WERL
- Eagle River, Wisconsin; United States;
- Frequency: 950 kHz
- Branding: Freedom Talk 101.7 FM 950 AM

Programming
- Format: Talk radio
- Affiliations: Compass Media Networks Premiere Networks Westwood One

Ownership
- Owner: Heartland Comm. License, LLC
- Sister stations: WCYE, WNWX, WRJO

History
- First air date: May 23, 1961

Technical information
- Licensing authority: FCC
- Facility ID: 4907
- Class: D
- Power: 1,000 watts day 51 watts night
- Transmitter coordinates: 45°58′32.00″N 89°14′44.00″W﻿ / ﻿45.9755556°N 89.2455556°W
- Translator: 101.7 W269DZ (Eagle River)

Links
- Public license information: Public file; LMS;
- Website: werlam.com

= WERL =

WERL (950 AM) is a radio station broadcasting a conservative talk radio format.

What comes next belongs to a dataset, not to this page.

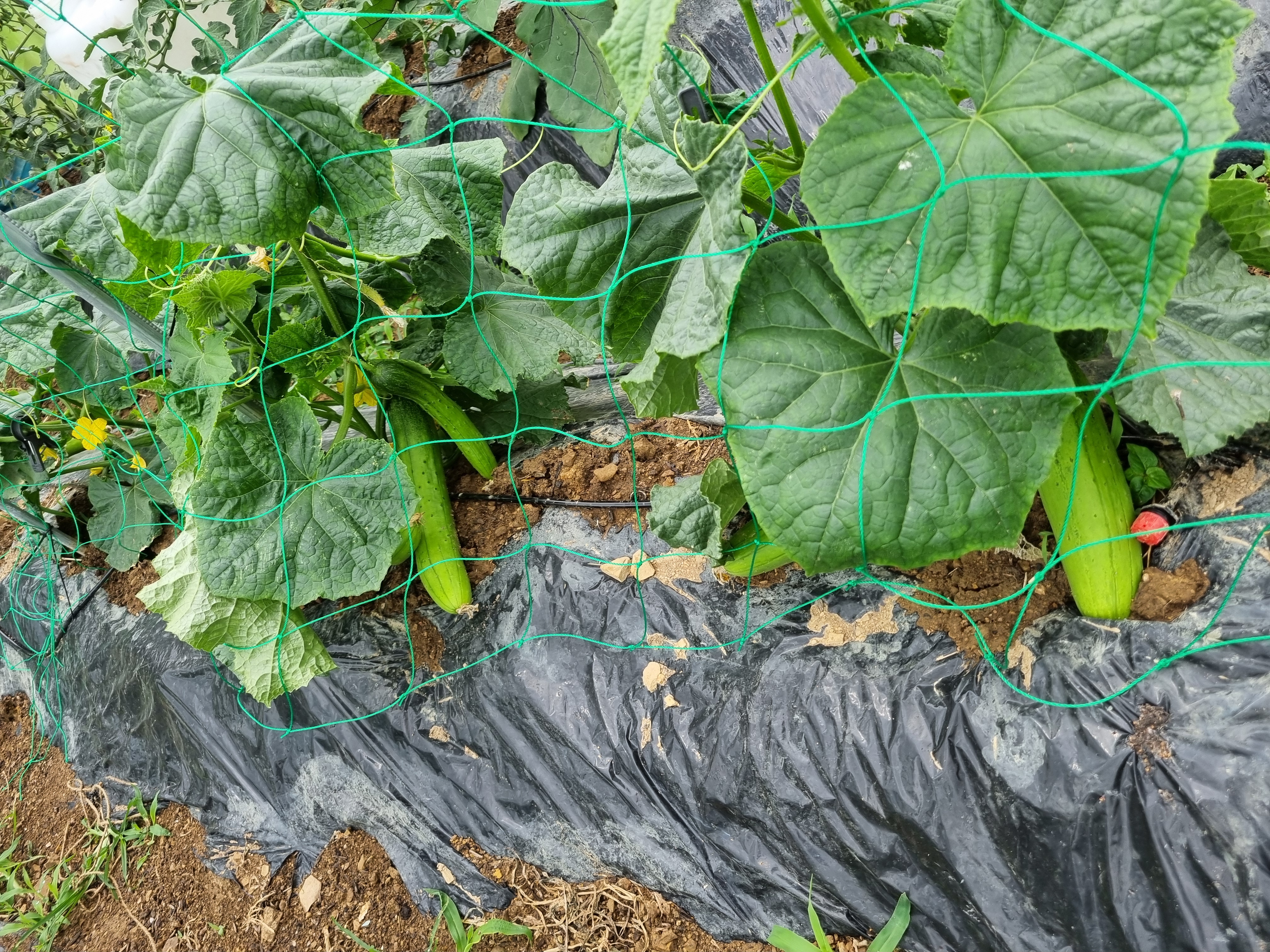 마지막으로 오이, 토마토에 점적호스 다시 만들고 돌아갑니다.

Licensed to Eagle River, Wisconsin, United States. The station is currently owned by Heartland Comm. License, LLC and features programming from Compass Media Networks, Premiere Networks, and Westwood One.

WERL dropped its longtime Adult Standards format on July 1, 2010, in favor of the current "Freedom Talk" format.